Mason Mitchell Motorsports
- Owner(s): Mason Mitchell Brad Parrott
- Base: Mooresville, North Carolina
- Series: NASCAR Camping World Truck Series ARCA Racing Series
- Manufacturer: Chevrolet, Ford
- Opened: 2013
- Closed: 2018

Career
- Debut: NASCAR Camping World Truck Series: 2014 Ford EcoBoost 200 (Homestead-Miami) ARCA Racing Series: 2014 Lucas Oil 200 presented by MAVTV American Real (Daytona)
- Latest race: NASCAR Camping World Truck Series: 2014 Ford EcoBoost 200 (Homestead-Miami) ARCA Racing Series: 2018 ModSpace 150 (Pocono)
- Races competed: Total: 123 NASCAR Camping World Truck Series: 1 ARCA Racing Series: 122
- Drivers' Championships: Total: 1 NASCAR Camping World Truck Series: 0 ARCA Racing Series: 1
- Race victories: Total: 7 NASCAR Camping World Truck Series: 0 ARCA Racing Series: 7
- Pole positions: Total: 6 NASCAR Camping World Truck Series: 0 ARCA Racing Series: 6

= Mason Mitchell Motorsports =

Defunct stock car racing team

Mason Mitchell Motorsports (MMM) was an American stock car racing team that competed in the ARCA Racing Series from 2014 to 2018. The team was founded in 2013 by Mason Mitchell, and veteran NASCAR crew chief Brad Parrott, and they last fielded the No. 78 Chevrolet SS for multiple drivers, and the No. 98 Chevrolet SS, also for multiple drivers. They won the 2014 ARCA Racing Series championship with owner/driver, Mason Mitchell.

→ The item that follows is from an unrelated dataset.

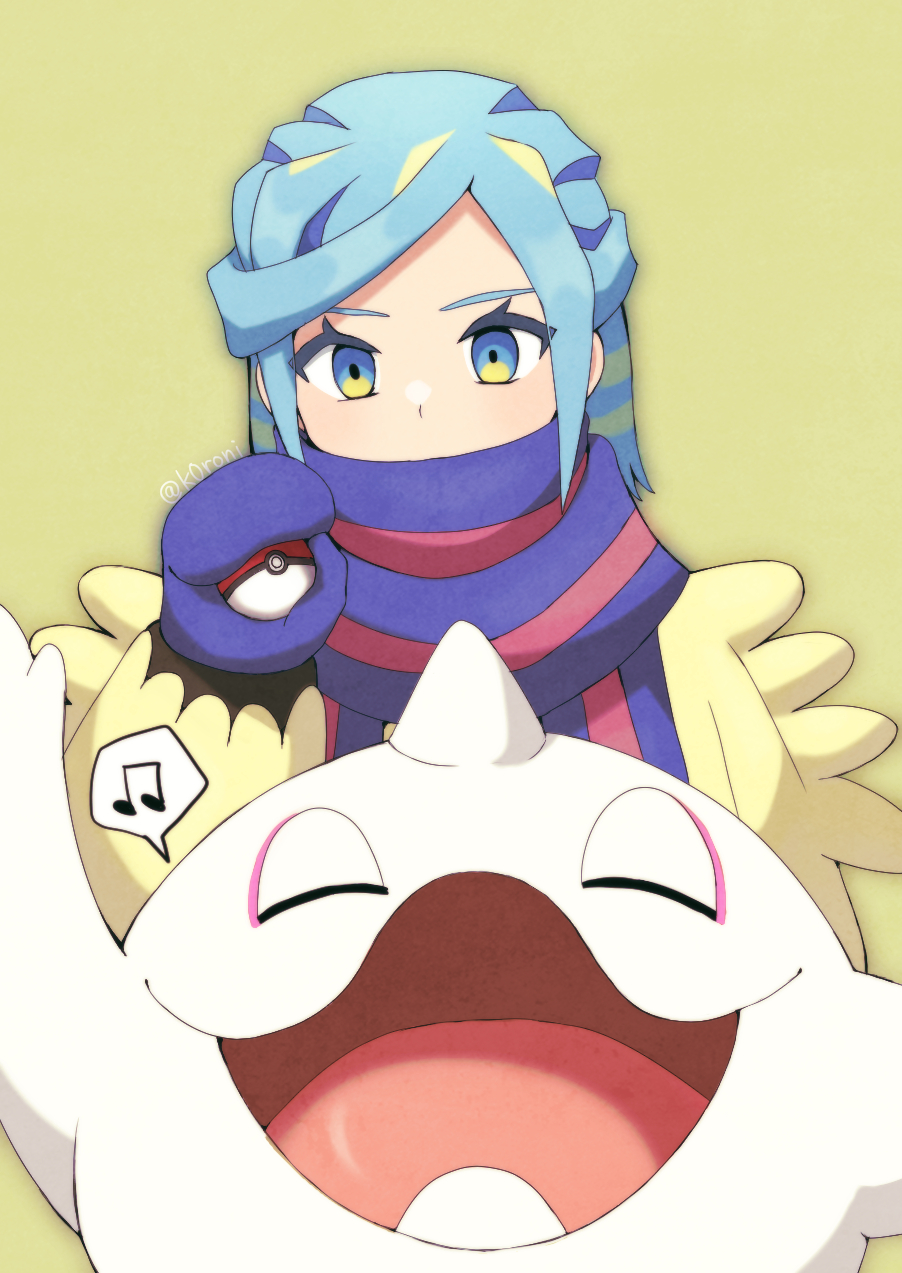 1boy aqua_eyes aqua_hair cetoddle commentary_request eyelashes grusha_(pokemon) hand_up highres holding holding_poke_ball jacket koroni_(nkrgs) long_sleeves male_focus mittens musical_note nintendo poke_ball poke_ball_(basic) pokemon pokemon_(creature) pokemon_scarlet_and_violet scarf scarf_over_mouth spoken_musical_note striped_clothes striped_scarf yellow_jacket

The team ceased their operations on July 30, 2018, with their assets being purchased by Empire Racing.

== History ==
In late 2013, the ARCA Rookie of the Year contender, Mason Mitchell, announced that he will be forming his own team for the 2014 ARCA Racing Series season, called Mason Mitchell Motorsports (MMM). He would hire the veteran NASCAR crew chief, Brad Parrott, as the same role as Mitchell, to help run his team. He would run his shop out of Mooresville, North Carolina, stating that “We felt like, to have the proper resources and the right people, it was a necessity to have our shop here. Everyone we do business with is right here or right up the street.”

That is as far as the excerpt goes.